Thursday, June 16, 2011

Day 4 Clear Passage and Comments

Ugh, I am SO TIRED of Blogger messing with my comments on some of my favorite blogs!! I must apologize, namely to Misfit and Martha Trying to Be Mary, for having SO MUCH to say to you and not being able to!!

Martha, here's what I just tried to comment on your latest wonderful news:

I had a feeling there would be a celebration in Mexico City today :)

The Magnificat was sung as a Responsorial Psalm at our wedding, and I can think of no better time to repeat the wonderful chorus than on this very happy day! Congratulations, E!!

And Misfit, I unfortunately didn't cut and paste what I wanted to write on your last few posts..,. but trust me, it was perfectly eloquent and appropriate.

In other news, I survived Day 4 of Clear Passage, the last part of which involved some soothing rectal massage (and yes, I'm being facetious). I am in general feeling very sore today, but as they were manipulating a lot of the areas of restriction today, the specific areas were feeling a lot better and "looser." I kid you not, I am ALWAYS complaining about my beer gut (and I don't drink beer) - just ask Sew - it seems like every day of my cycle I am so extremely bloated and my belly is extended. Today, I see a huge difference. DH sees it, too. Pretty amazing stuff.

Today I asked the therapist why it may be that I haven't experienced the intense emotional response that many people have during adhesion release. She said that it doesn't happen to everyone, and that quite possibly, I may be better than most people at processing my emotions as they come, and not repressing them. That actually seems very likely to me. I didn't always used to be that way, but infertility has humbled me in ways I never thought possible, so that now I rarely have unforeseen meltdowns. Thank God for my blog and all of you, because I'm sure blogging has been one of if not the largest emotional outlet for me over the past 3 years.
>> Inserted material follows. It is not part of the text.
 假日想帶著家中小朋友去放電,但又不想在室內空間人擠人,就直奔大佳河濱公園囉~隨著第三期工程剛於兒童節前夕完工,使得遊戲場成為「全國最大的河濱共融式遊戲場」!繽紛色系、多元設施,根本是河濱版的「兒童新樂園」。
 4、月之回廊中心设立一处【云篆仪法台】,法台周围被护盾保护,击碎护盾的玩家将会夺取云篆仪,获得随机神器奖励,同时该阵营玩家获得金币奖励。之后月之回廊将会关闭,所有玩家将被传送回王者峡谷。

I'm heading out on the town to listen to live jazz music, so I'll check back in tomorrow.

7 comments:

Rebecca @ The Road Home said...

So glad it continues to go well - and that you are staying on an even keel emotionally. Cliff did one session of myofacial (sp?) release on me and I was a total wreck. I politely requested that he never do that again (it was when he was in school).

Enjoy the jazz!

callmemama said...

Blogging is definitely an amazing emotional outlet - if you blog honestly and just let it all hang out (which you do, of course).
Glad things are feeling "looser". Rectal massage...um..yeah, that doesn't sound like fun.

JellyBelly said...

My IMT said that I may cry for no reason in the next little while because of my treatment -- I almost did earlier this evening, but I was also really hungry. Who knows?
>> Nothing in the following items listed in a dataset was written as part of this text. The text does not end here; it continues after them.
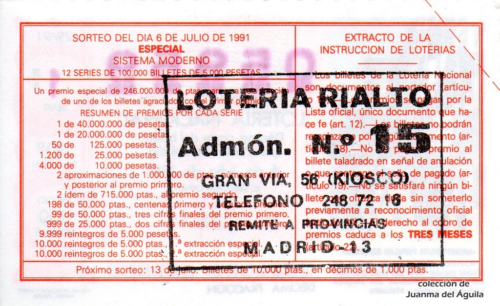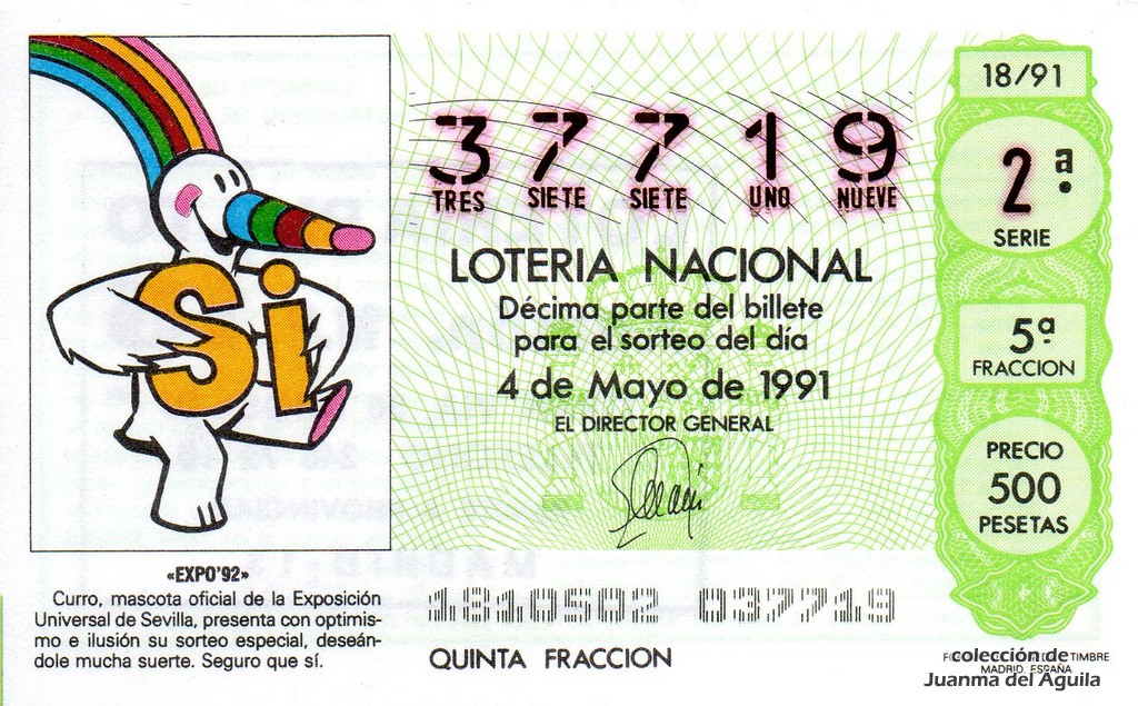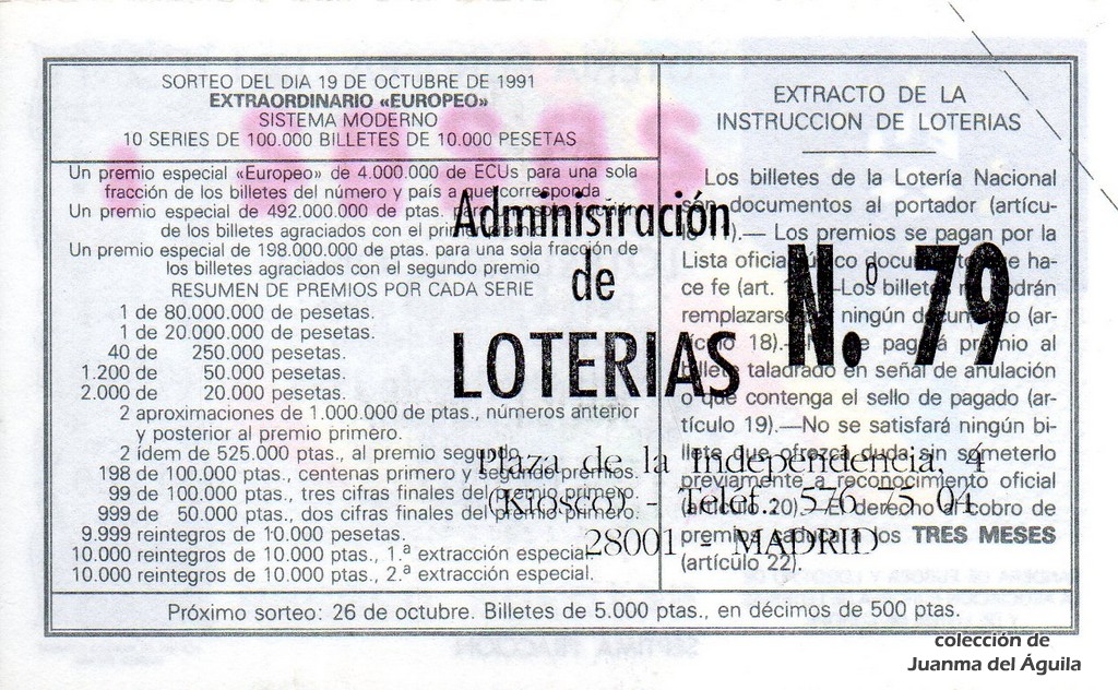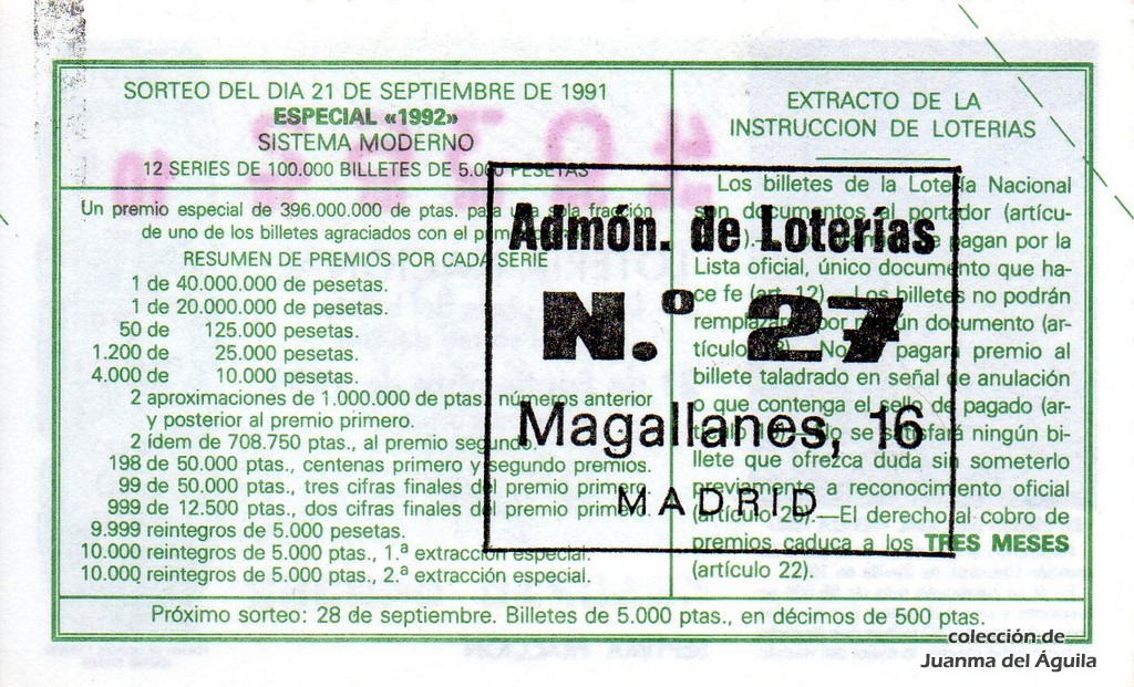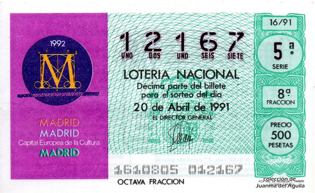 El 20 de abril se celebró un SORTEO ESPECIAL dedicado a "Madrid Capital Europea de la Cultura 1992".
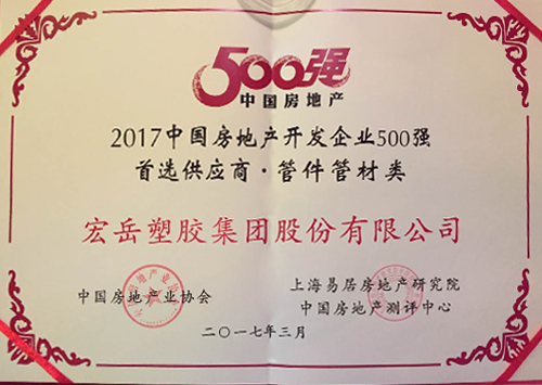 好博荣获“2017年中国房地产开发企业500强首选供应商品牌”
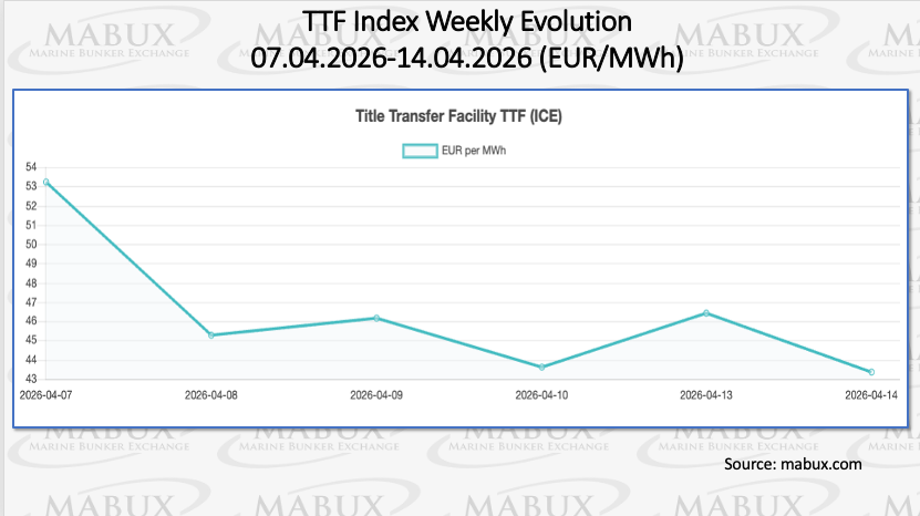 As of April 14, the level of natural gas in European underground storage facilities showed a slight increase, reaching 29.55% of total capacity, up by 0.94 percentage points compared to the previous week. However, current storage levels remain significantly lower—by 31.91%—than those recorded on January 1, 2026 (61.46%). At the end of Week 16, the European gas benchmark TTF recorded a notable decline, falling by EUR 9.882/MWh from EUR 53.247/MWh to EUR 43.365/MWh, thereby dropping below the EUR 50.00/MWh threshold.

Do you think it's a coincidence that I have my ladyparts electrofied the same day that you had your rectal massage? I think not! The Lord has a really good sense of humour!!!!
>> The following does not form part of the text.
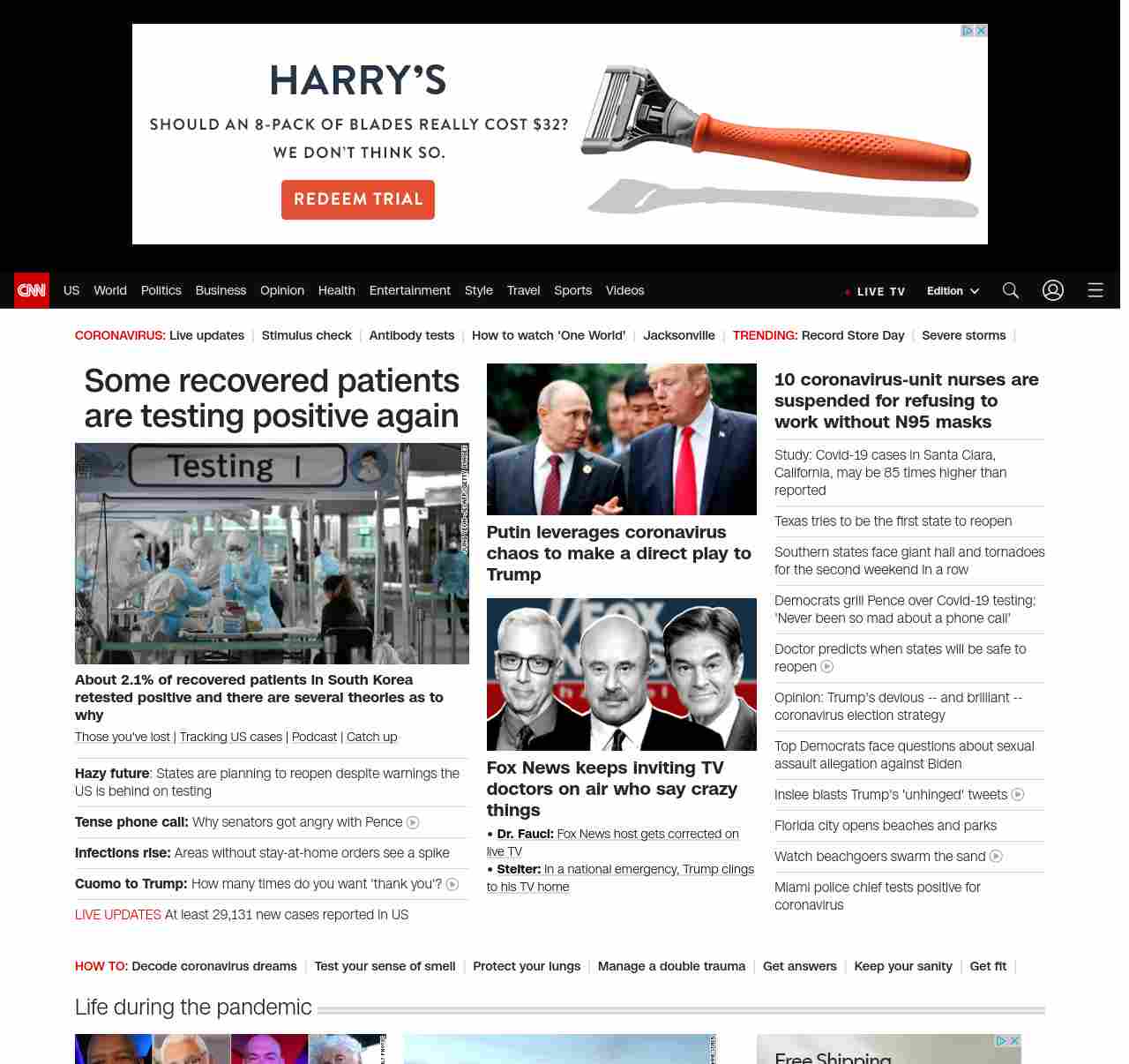|| screaming-banner-text banner-text-size–char-47″ data-analytics=”_list-hierarchical-xs_article_”> Some recovered patients are testing positive again ||” , title: “CNN – Breaking News, Latest News and Videos” , siblings: {“articleList”:[{“uri”:”/2020/04/17/health/south-korea-coronavirus-retesting-positive-intl-hnk/index.html”,”headline”:”u003cstrong>About 2.1% of recovered patients in South Korea retested positive and there are several theories as to whyu003c/strong>”,”thumbnail”:”//cdn.cnn.com/cnnnext/dam/assets/200417002231-01-south-korea-testing-0401-small-11.jpg”,”duration”:””,”description”:”u003ca href=”https://www.cnn.com/2020/04/08/health/share-coronavirus-covid19-victims-memories/index.html” target=”_blank”>Those you’ve lost u003c/a>| u003ca href=”https://www.cnn.com/interactive/2020/health/coronavirus-us-maps-and-cases/” target=”_blank”>Tracking US casesu003c/a> | u003ca href=”https://www.cnn.com/audio/podcasts/corona-virus” target=”_blank”>Podcastu003c/a> | u003ca href=”https://www.cnn.com/2020/04/18/world/coronavirus-newsletter-04-18-20/index.html” target=”_blank”>Catch up u003c/a>”,”layout”:””

And yes, thank God for the blogs! I would've been in a padded room in a straightjacket if it wasn't for you girls!

Ashley said...

rectal massage? looser? yikes....hope they have some port-o-potties on site at he jazz fest tonight! :)

barbie said...

The blogs are a huge emotional release, have been for me anyway. Rectal message.........eek!

Leila @ Little Catholic Bubble said...

Is it wrong that I am laughing at JellyBelly's comment, and Ashley's?? Oh, my! This will have a good pay off, though, I know it! :)

Sew said...

You didn't tell me about your beer gut going down! That is awesome!!